Pretrain & Finetune MLM with fastai 4: warm&decay lr shedule + discriminative lr

We follow the hyperparamter of ELECTRA paper (Table 7), and its official implemenation of linear warm up and decay, to train the MRPC dataset.



  • One cycle seems (didn’t run many times) to perform very similarly, with the same learning rate’s’ under default setting (pct_start…).
  • According to the lr schedule of official implementaion , it is not two phase lr shedule, but do both warmup and decay at the same time. My understanding is it is equal to this
lr = (lr-end_lr)*(1-step/total_steps)**1 + end_lr
lr = lr * min(1.0, step/total_warmup_steps)

so warm up has no effect after warming up, decay has little effect in the early phase. If you know some tensorflow, please correct me if I am wrong !!

“Pretrain MLM and fintune on GLUE with fastai”

Previous posts.

  1. MaskedLM callback and ELECTRA callback

  2. TextDataLoader - faster/as fast as, but also with sliding window, cache, and bar

  3. Novel Huggingface/nlp integration: train on and show_batch hf/nlp datasets

In the end of series, we'll try to reproduce the result of ELECTRA from scratch with fastai.

(Spoiler alert: multi task training are on their way !!)

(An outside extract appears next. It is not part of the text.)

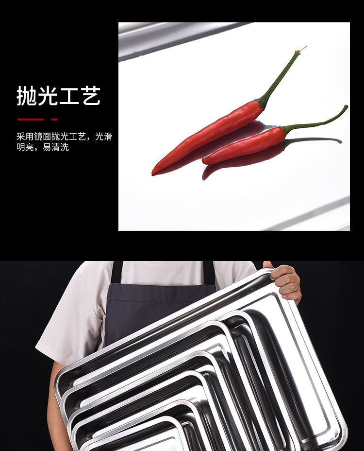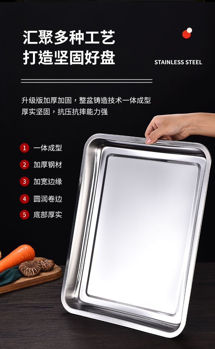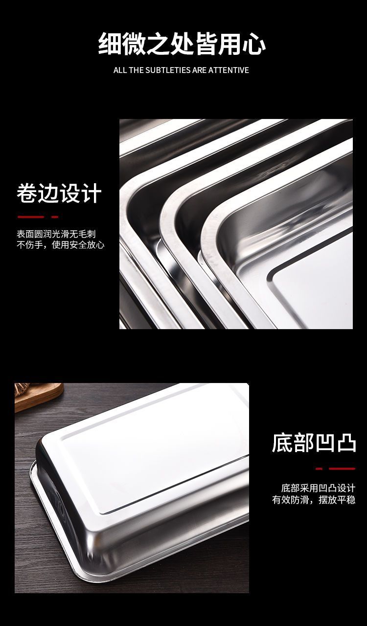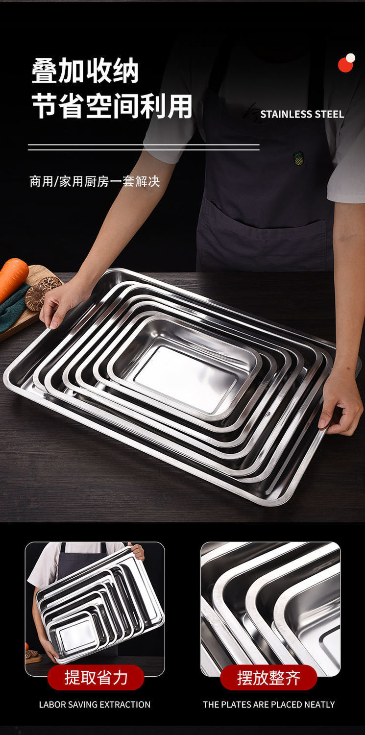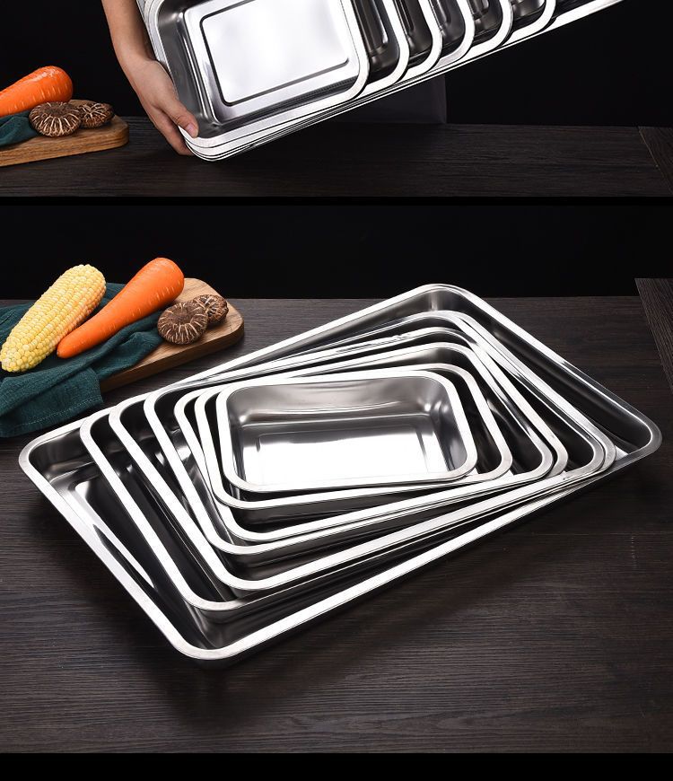 스테인레스 스틸 스퀘어 플레이트 트레이 상업용 매점 식당 찐 쌀 플레이트 대용량 구이 생선 플레이트 멀티 사이즈 직사각형 플레이트

(Spoiler alert: multi task training are on their way !!)

  • To train not only mrpc, I create a helper get_glue_learner.
    So we can do get_glue_learner(electra_config, <task_name>)

  • I switch from Colab to using vscode connects to our lab server, and jupyter notebook in vscode can’t display pretty training sheet, so I add with learn.no_logging(), which you should remove it if you’re not using vscode.